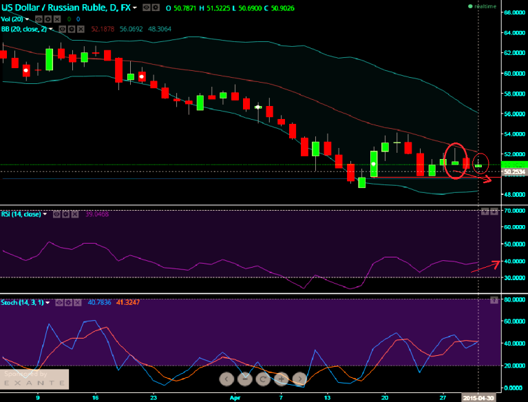 On daily chart back to back bearish shooting star candles occurred on short term upswing which is displaying a long upper shadow and its small real body is at or near the lows of the session. RSI (14) also gives an early signal of divergence with price curve. Overall, a short term fall in this pair is expected certainly until it seeks strong support at levels around 49.7928. One can see shorting chances here.
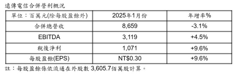 電信三雄2025年1月自結獲利出爐!中華電信…
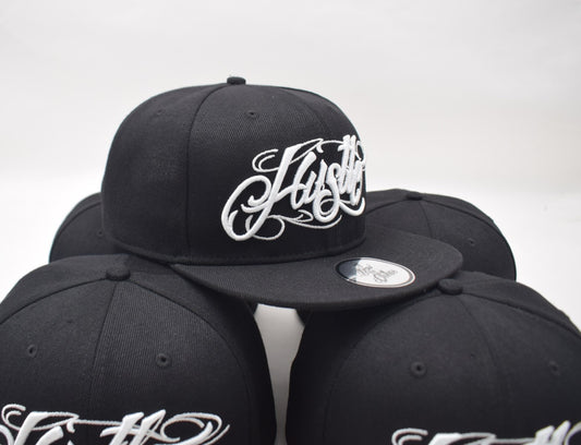 HUSTLE Snapbacks black with white 2D/3D embroidery
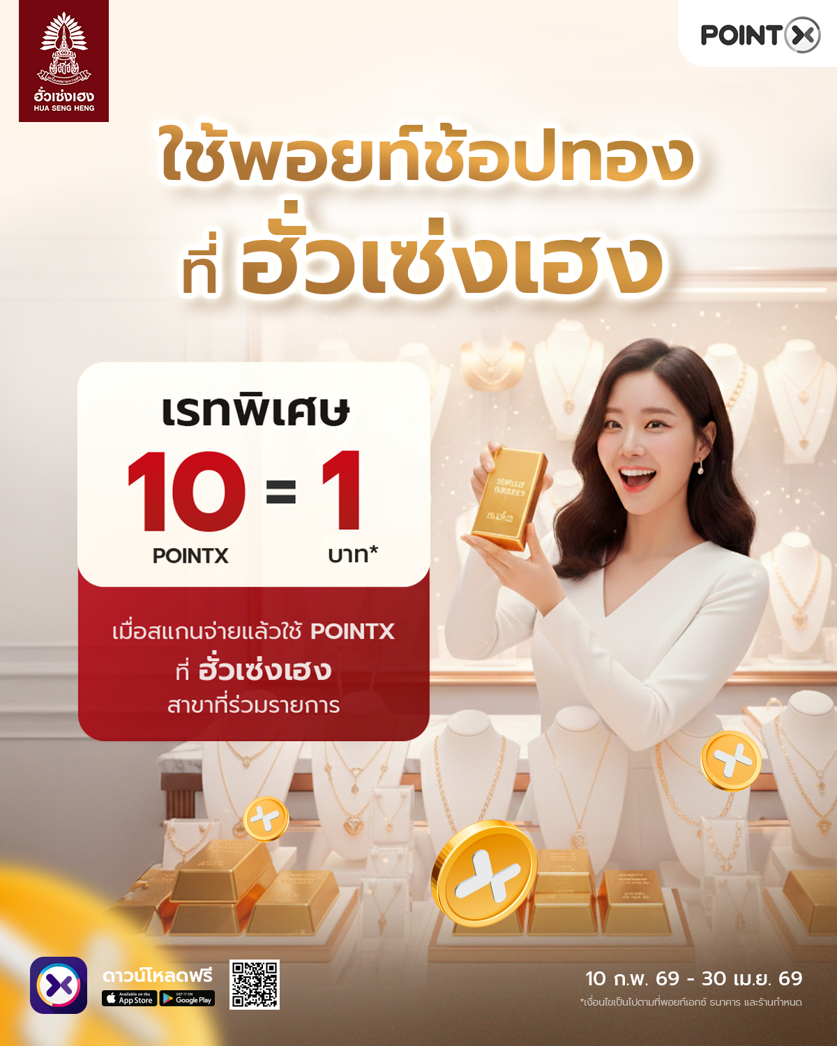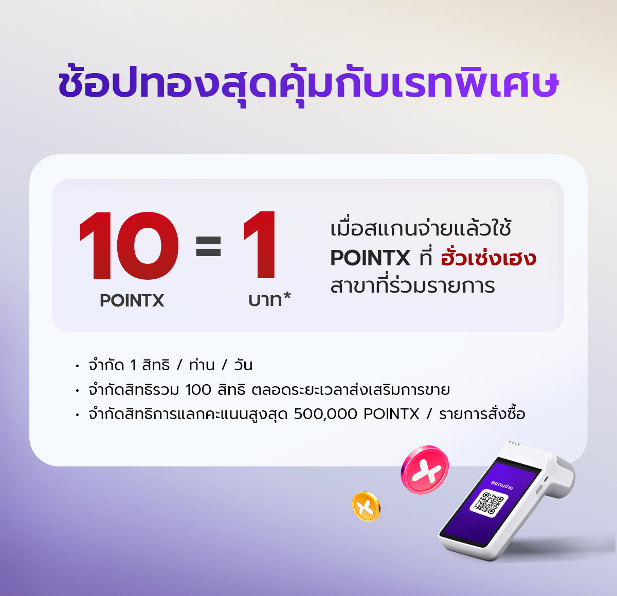 • จำกัดสิทธิการแลกคะแนนด้วยอัตราการแลกคะแนนพิเศษ เฉพาะลูกค้าที่ชำระค้าสินค้าด้วยคะแนน POINTX ผ่าน POINTX แอปพลิเคชัน ที่ ฮั่วเซงเฮง เฉพาะสาขาที่ร่วมรายการ จำนวน 1 สิทธิ ต่อท่าน ต่อวัน จำกัดสิทธิรวม 100 สิทธิ ตลอดระยะเวลาส่งเสริมการขาย และขอสงวนสิทธิให้แก่ลูกค้าที่เข้าเงื่อนไขก่อนตามลำดับ
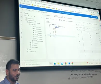 在这门课程中,我们主要学习的是数据分析工具——数据分析系统(Statistical Analysis System)。任课老师Hassan Musafer对待教学极为负责与严谨,不论是上课还是答疑,总是细致认真、耐心指导。同时,这门课的课程设计和进度安排很合理,初学者也不会太吃力。每周6个小时的课程加上难度适中的作业能够保证学习内容的有效推进。课程从最基础的数据输入,到数据分类、数据排序和数据计算,环环相扣。每节课都会学习新的代码和指令,同时又会温习上一节课的知识点,帮助我们加深记忆、巩固知识。
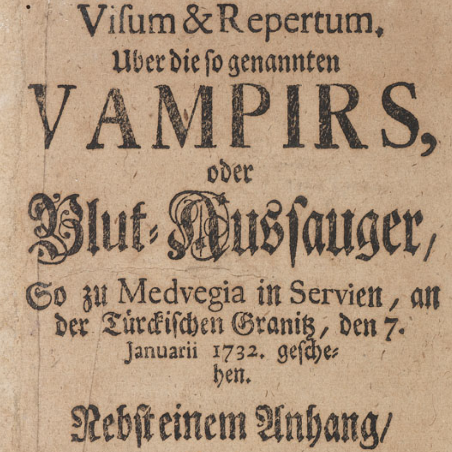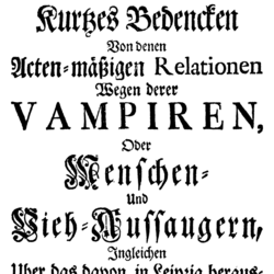 Kurtzes Bedencken von denen Vampiren, ese breve tratado alemán publicado también en 1732, y cuyo título —una "breve reflexión sobre los vampiros"— ya da la pista de lo que pretende.
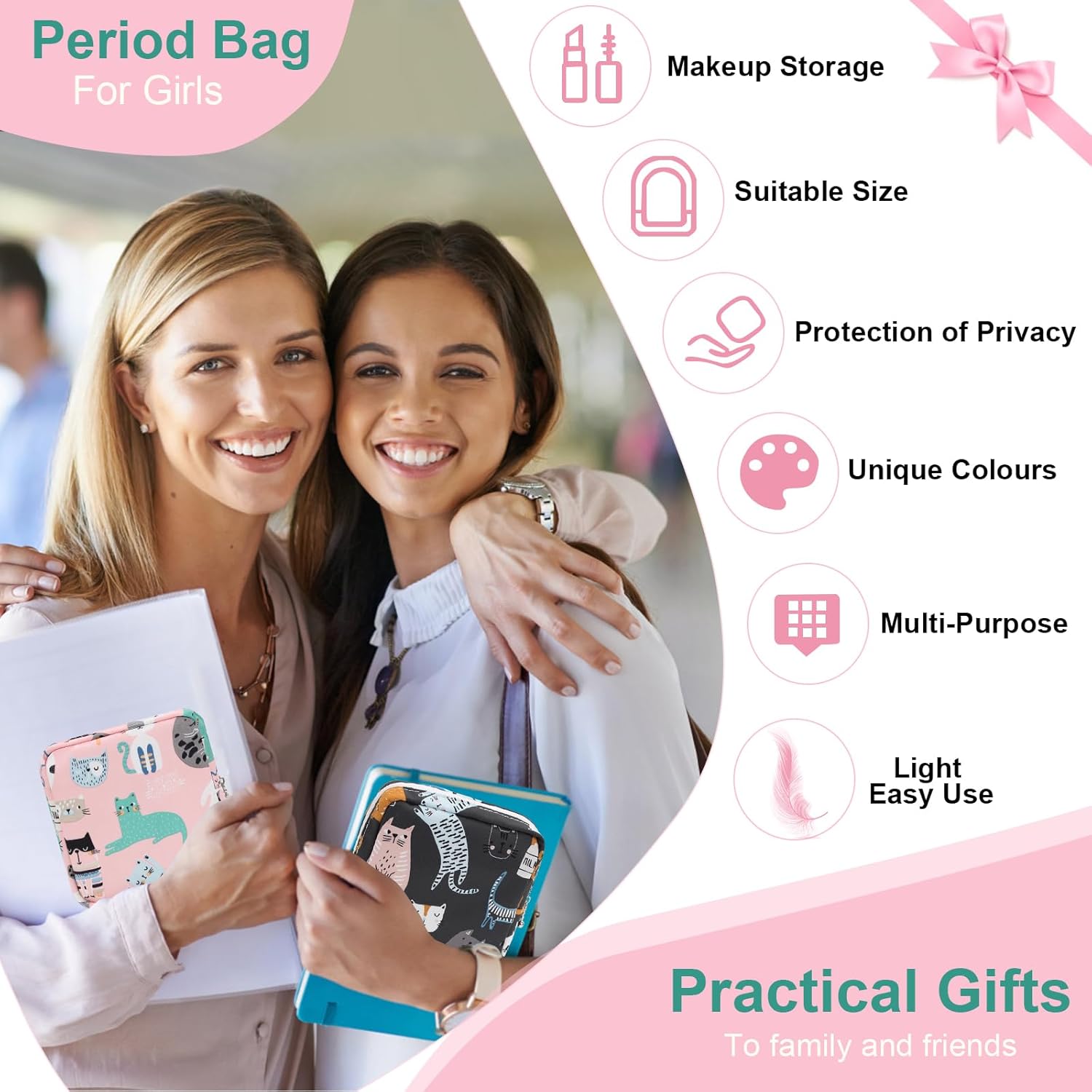 - 💕 【Wide Application】- Not just period bags for teen girls, they are also suitable for women in office or mothers. Ideal for storing sanitary napkins, tampons with applicators, panty liners, small individual cleaning pkts, reusable pads and more. Nice period bag for purse. Very convenient for office, business trip, shopping and travel.
___
**ASSIGNMENT:** Beginning at the line that contains "HUSTLE Snapbacks black", give the remaining lines of the records again exactly, through the last one. Leave out pictures.

**SOLUTION TO THIS PROBLEM:**
 HUSTLE Snapbacks black with white 2D/3D embroidery
 • จำกัดสิทธิการแลกคะแนนด้วยอัตราการแลกคะแนนพิเศษ เฉพาะลูกค้าที่ชำระค้าสินค้าด้วยคะแนน POINTX ผ่าน POINTX แอปพลิเคชัน ที่ ฮั่วเซงเฮง เฉพาะสาขาที่ร่วมรายการ จำนวน 1 สิทธิ ต่อท่าน ต่อวัน จำกัดสิทธิรวม 100 สิทธิ ตลอดระยะเวลาส่งเสริมการขาย และขอสงวนสิทธิให้แก่ลูกค้าที่เข้าเงื่อนไขก่อนตามลำดับ
 在这门课程中,我们主要学习的是数据分析工具——数据分析系统(Statistical Analysis System)。任课老师Hassan Musafer对待教学极为负责与严谨,不论是上课还是答疑,总是细致认真、耐心指导。同时,这门课的课程设计和进度安排很合理,初学者也不会太吃力。每周6个小时的课程加上难度适中的作业能够保证学习内容的有效推进。课程从最基础的数据输入,到数据分类、数据排序和数据计算,环环相扣。每节课都会学习新的代码和指令,同时又会温习上一节课的知识点,帮助我们加深记忆、巩固知识。
 Kurtzes Bedencken von denen Vampiren, ese breve tratado alemán publicado también en 1732, y cuyo título —una "breve reflexión sobre los vampiros"— ya da la pista de lo que pretende.
 - 💕 【Wide Application】- Not just period bags for teen girls, they are also suitable for women in office or mothers. Ideal for storing sanitary napkins, tampons with applicators, panty liners, small individual cleaning pkts, reusable pads and more. Nice period bag for purse. Very convenient for office, business trip, shopping and travel.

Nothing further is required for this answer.